### [Task goal]
Set down each line from the line holding "24. Tower Pinnacle" to the last line of the entries below, exactly, with both ends included and without pictures.

*** Opening Records shown ***

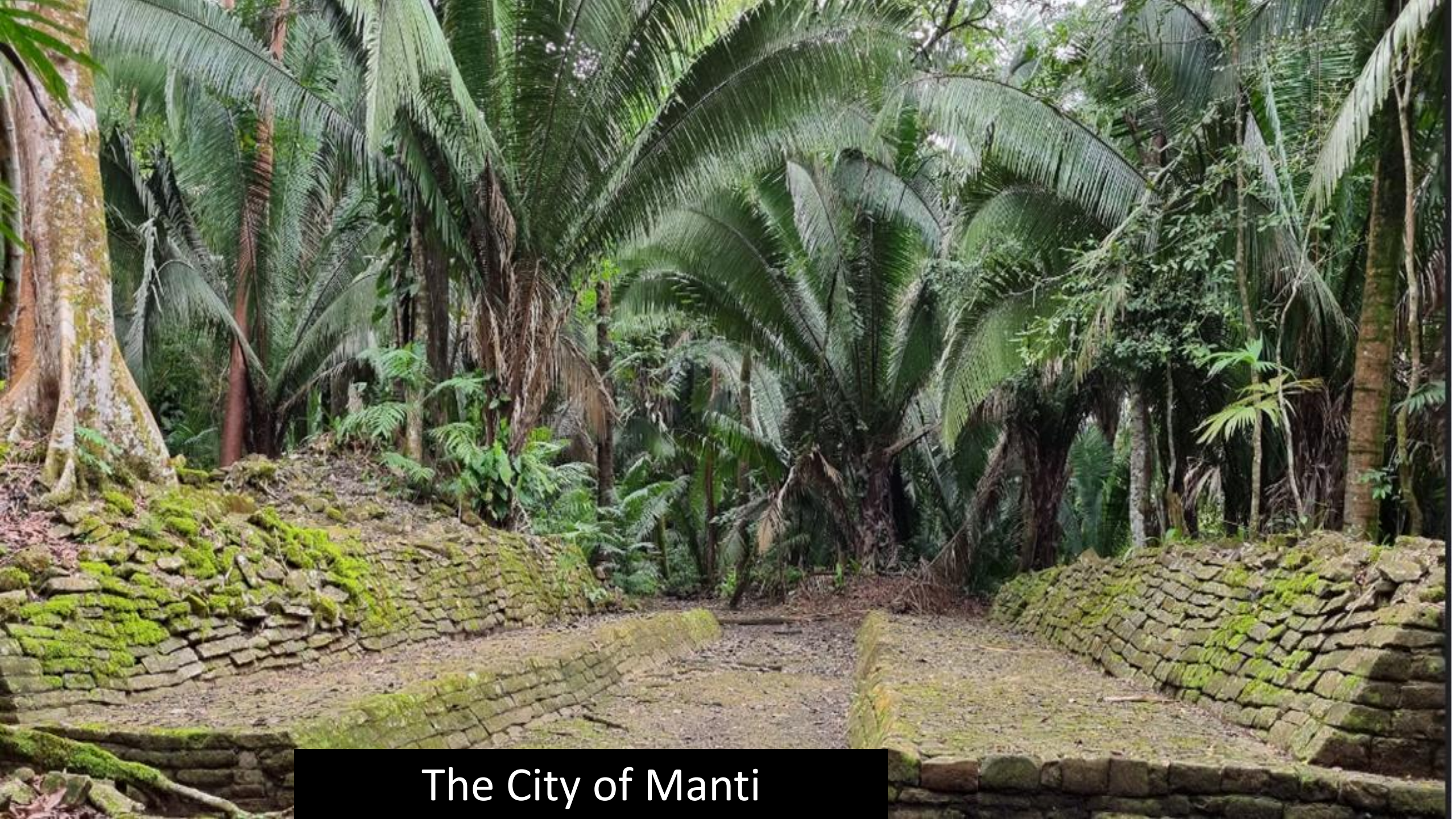
The City of Manti
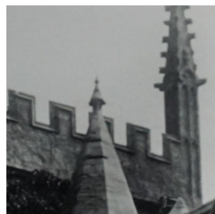
24. Tower Pinnacle
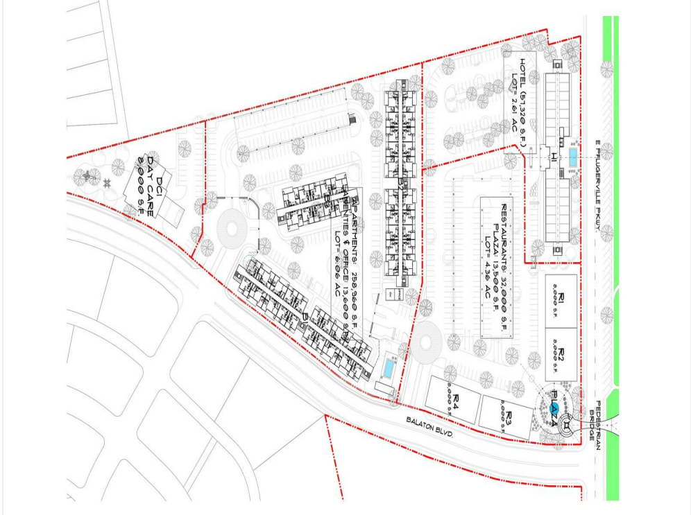
Sample Site Plan 1
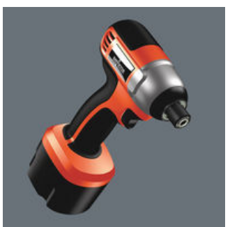
For use with impact screwdrivers. Improve productivity screwdriving with power tools.

For an above-average service life. Maximum utilisation of the material properties, a very special geometry - designed particularly to meet the extreme demands - as well a specific manufacturing process mean that Wera Impaktor tools have an above-average service life. Another product advantage is the coating of the Impaktor bits with minute diamond particles. These diamond particles reduce the cam-out effects particularly high in power tool applications - which can lead to a slipping out of the screw head. The diamond particles literally bite themselves into the screw recess. This means that less contact pressure is required, something that greatly delays fatigue settingin in power tool screwdriving jobs.
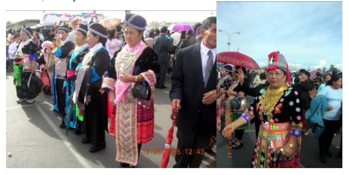
Creating new traditions – The ball tossing of the middle-aged.
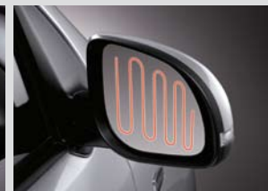
Electric Heated and Adjustable Outside Mirror
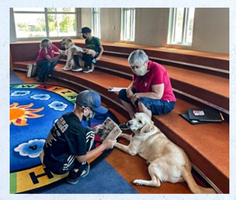
Visit the Paws 2 Read dogs at the Spanish Springs branch on the second Sunday of every month!
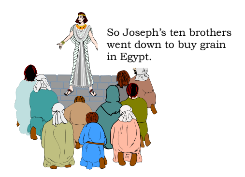
The Lord _____
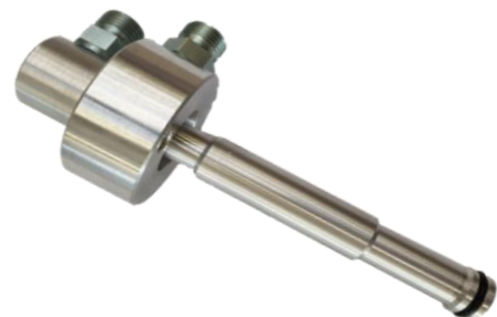
Adapter 400.473.000 Anschluss anstelle des Ölkühlers Connection instead of oil cooler

Ölwechsel und Ölstandkontrolle immer auch am manuellen Kreislauf! Oil change and oil level check always also on the manual circuit!
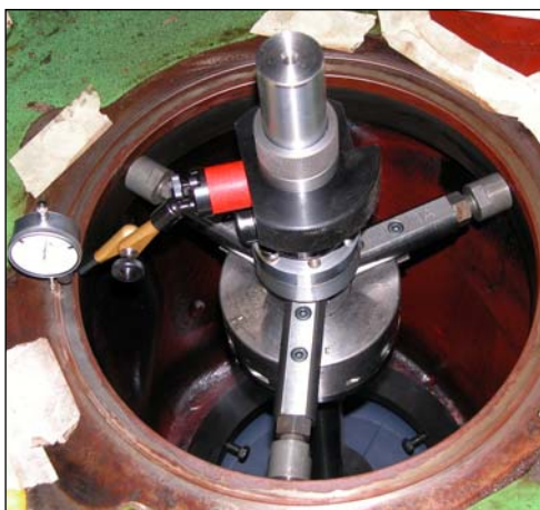
Mounting pilot in cylinder bore
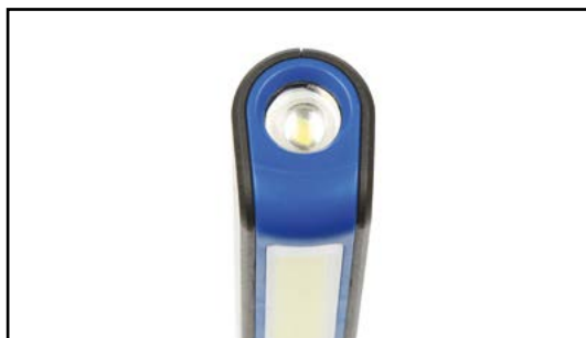
Additional LED light on the top
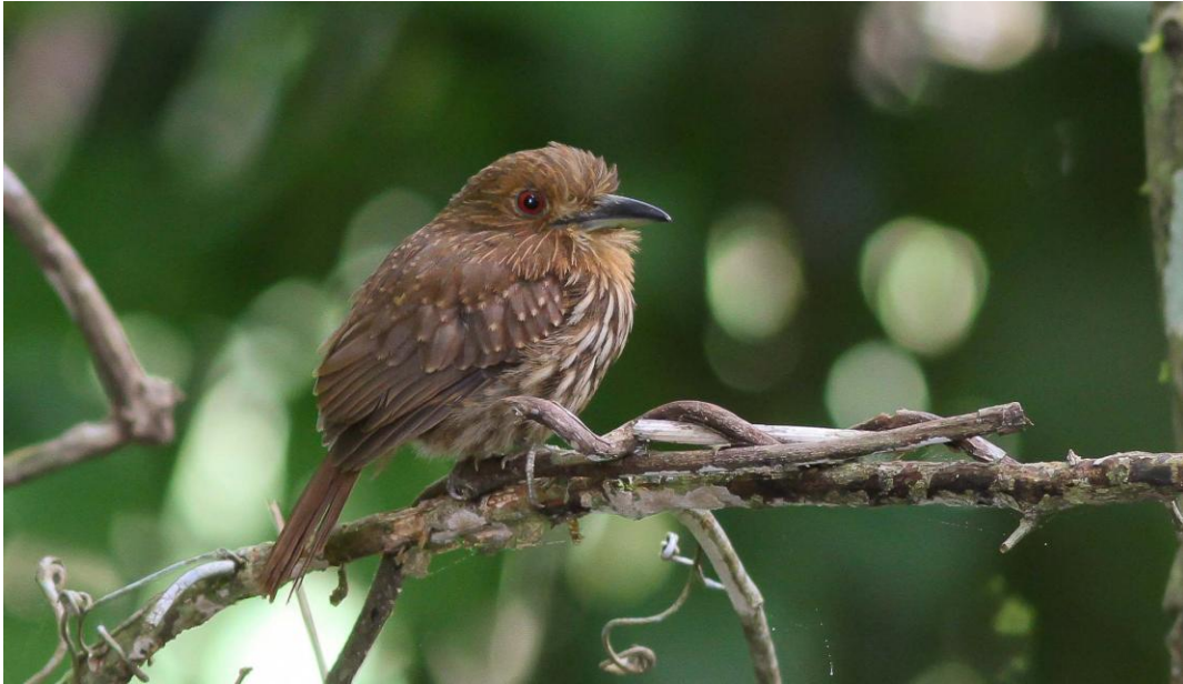
White-whiskered Puffbird

*** Closing Records shown ***

### [Exercise answer]
24. Tower Pinnacle
Sample Site Plan 1
For use with impact screwdrivers. Improve productivity screwdriving with power tools.

For an above-average service life. Maximum utilisation of the material properties, a very special geometry - designed particularly to meet the extreme demands - as well a specific manufacturing process mean that Wera Impaktor tools have an above-average service life. Another product advantage is the coating of the Impaktor bits with minute diamond particles. These diamond particles reduce the cam-out effects particularly high in power tool applications - which can lead to a slipping out of the screw head. The diamond particles literally bite themselves into the screw recess. This means that less contact pressure is required, something that greatly delays fatigue settingin in power tool screwdriving jobs.
Creating new traditions – The ball tossing of the middle-aged.
Electric Heated and Adjustable Outside Mirror
Visit the Paws 2 Read dogs at the Spanish Springs branch on the second Sunday of every month!
The Lord _____
Adapter 400.473.000 Anschluss anstelle des Ölkühlers Connection instead of oil cooler

Ölwechsel und Ölstandkontrolle immer auch am manuellen Kreislauf! Oil change and oil level check always also on the manual circuit!
Mounting pilot in cylinder bore
Additional LED light on the top
White-whiskered Puffbird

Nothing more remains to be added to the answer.